HOW TO COMPLETE THIS TASK:
Excluding any images, copy all of the lines below precisely as written.

PROVIDED DATA:
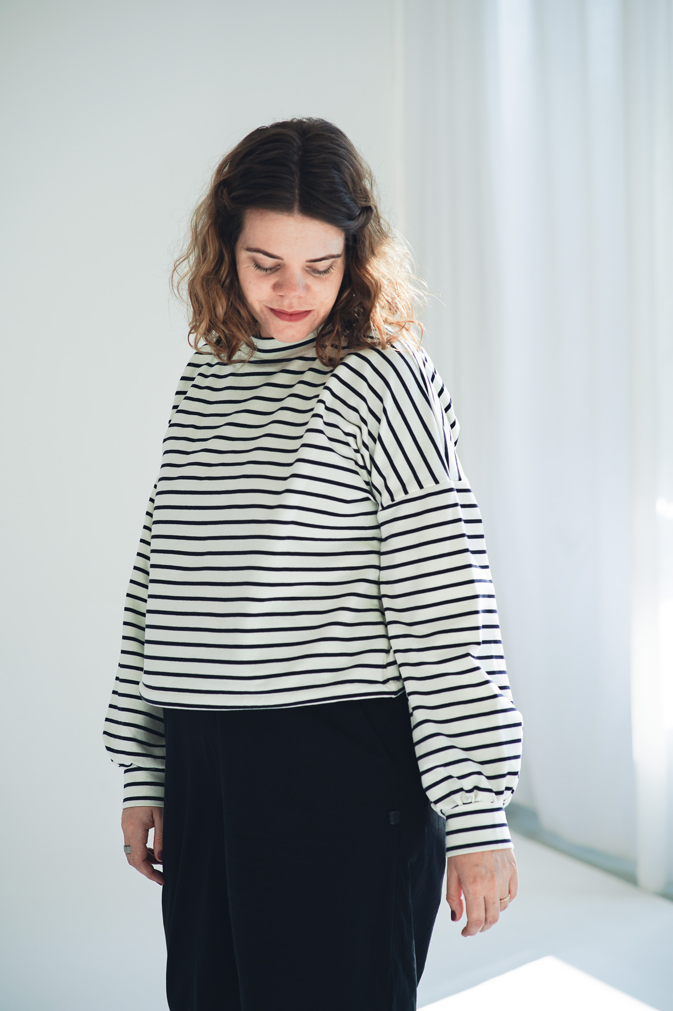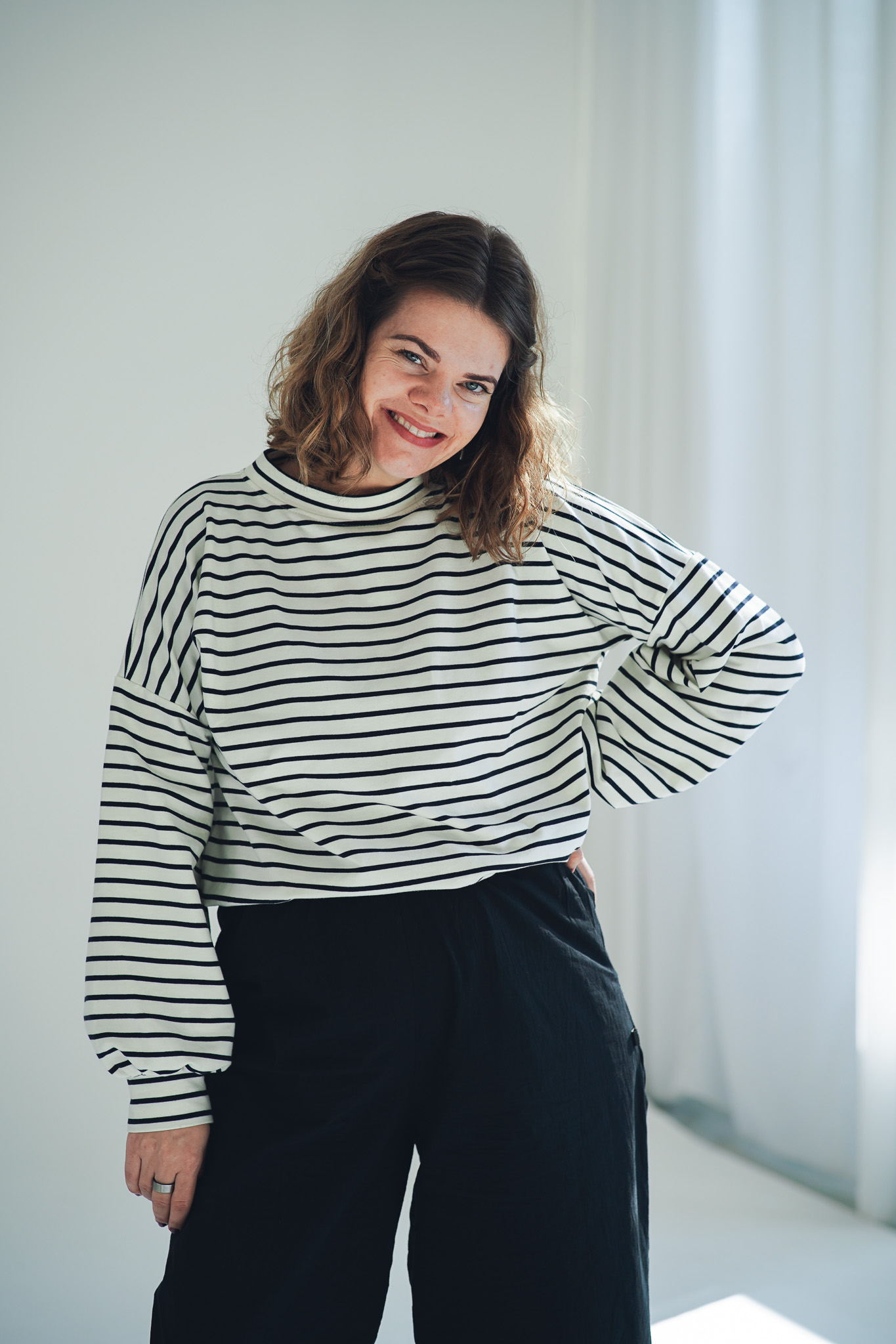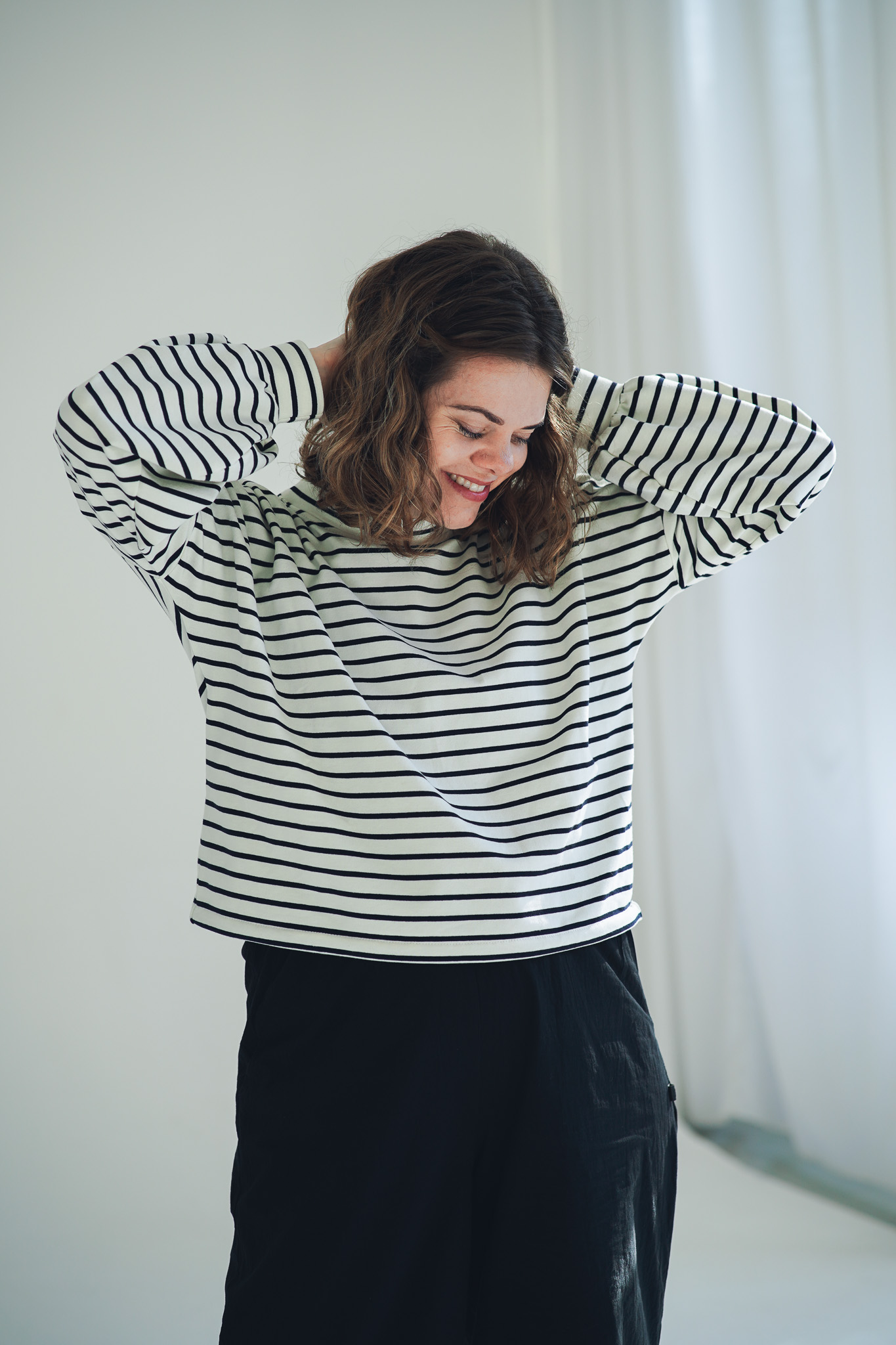 Mikina Fluff ve střihu crop-top s lehce nařasenými rukávy. Mikina má stahování na gumičku, takže ji můžete stáhnout a nařasit nebo nosit volně, rovnou. Skvěle se kombinuje s našimi vestami, ale sluší jí to i s šaty a sukněmi. Naším cílem bylo vytvořit univerzální mikinu, která se dá nosit v různých variantách a bude to základ do vašeho minimalistického šatníku.
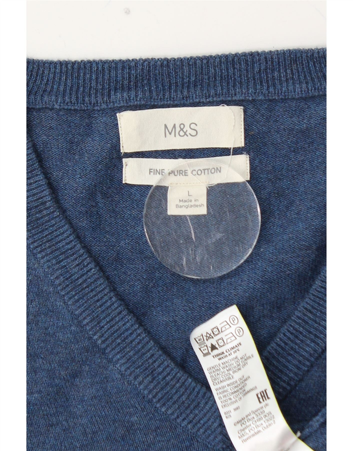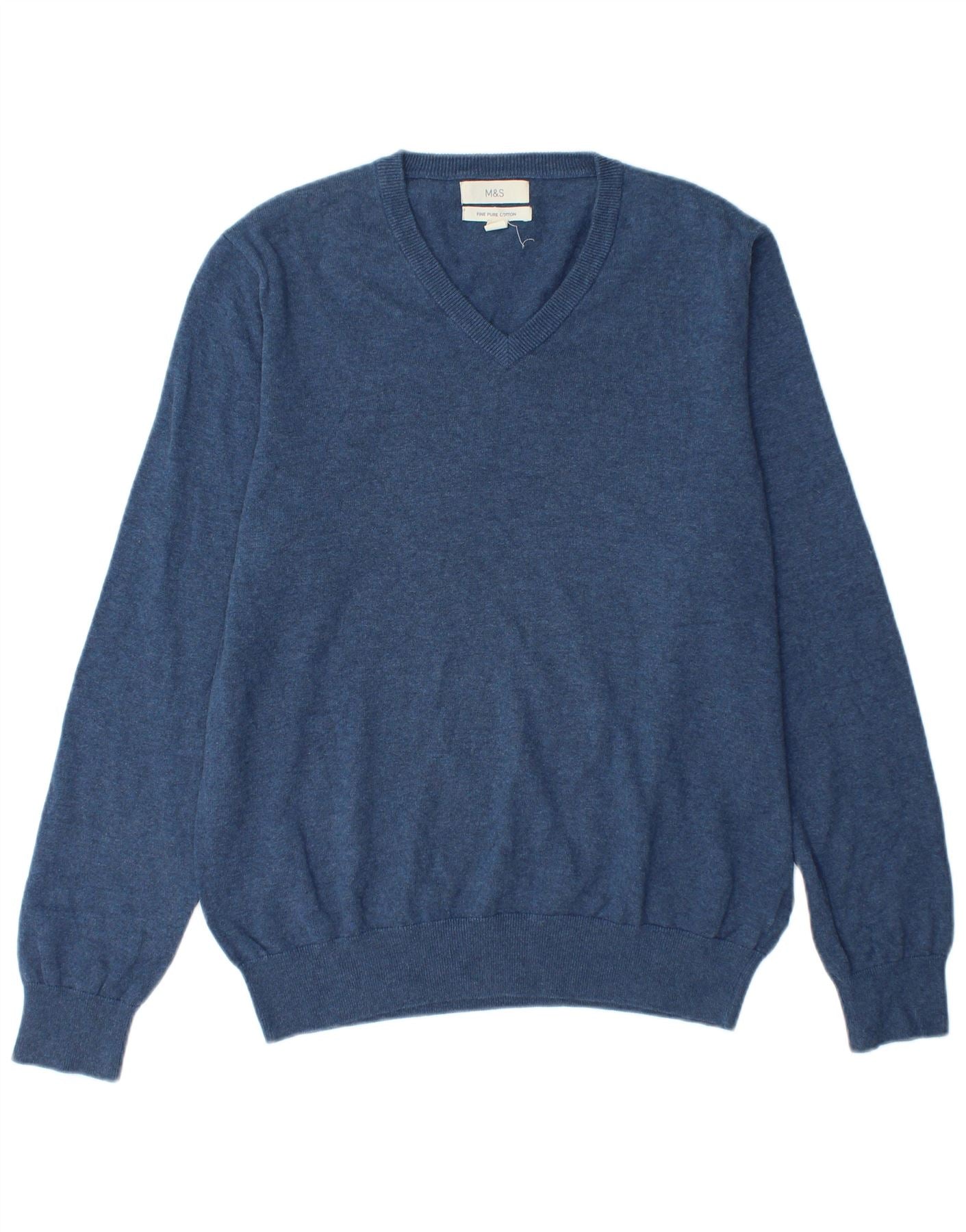 MARKS & SPENCER Pulover cu decolteu în V pentru bărbați din bumbac albastru mare
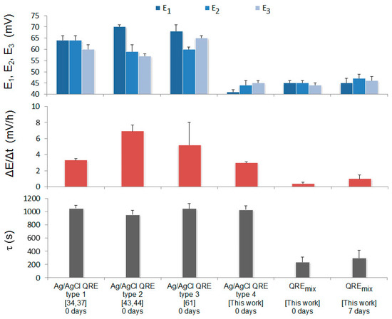 Experimental values of the parameters (τ is potential stabilization time, ΔE/Δt is potential drift and E1, E2, E3 are potentials values) characteristic for QREmix and Ag/AgCl QREs depending on the electrodes storage duration before measurements. The boundaries indicate upper values of standard deviation for α = 0.05 and n = 4.
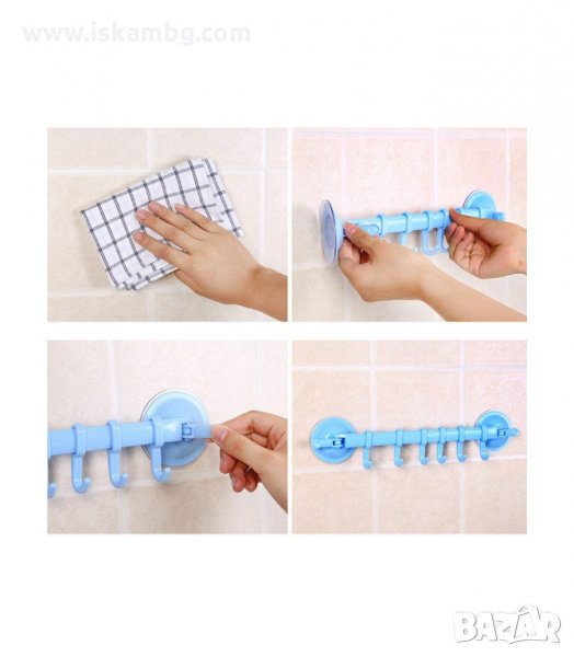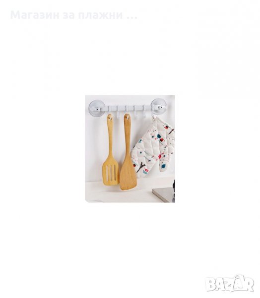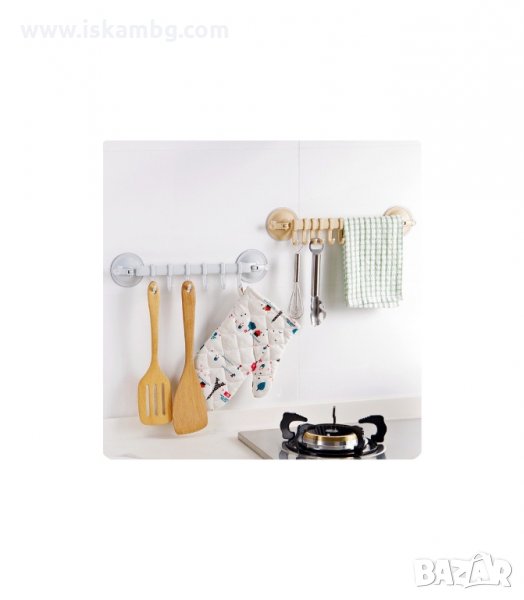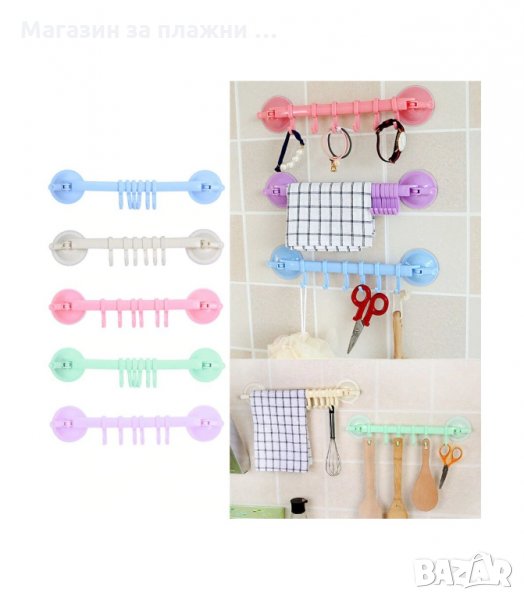 Закачалка за кухненски аксесоари или органайзер за баня с вакуумно закрепване с 6 куки

ANSWER TO THIS PROBLEM:
 Mikina Fluff ve střihu crop-top s lehce nařasenými rukávy. Mikina má stahování na gumičku, takže ji můžete stáhnout a nařasit nebo nosit volně, rovnou. Skvěle se kombinuje s našimi vestami, ale sluší jí to i s šaty a sukněmi. Naším cílem bylo vytvořit univerzální mikinu, která se dá nosit v různých variantách a bude to základ do vašeho minimalistického šatníku.
 MARKS & SPENCER Pulover cu decolteu în V pentru bărbați din bumbac albastru mare
 Experimental values of the parameters (τ is potential stabilization time, ΔE/Δt is potential drift and E1, E2, E3 are potentials values) characteristic for QREmix and Ag/AgCl QREs depending on the electrodes storage duration before measurements. The boundaries indicate upper values of standard deviation for α = 0.05 and n = 4.
 Закачалка за кухненски аксесоари или органайзер за баня с вакуумно закрепване с 6 куки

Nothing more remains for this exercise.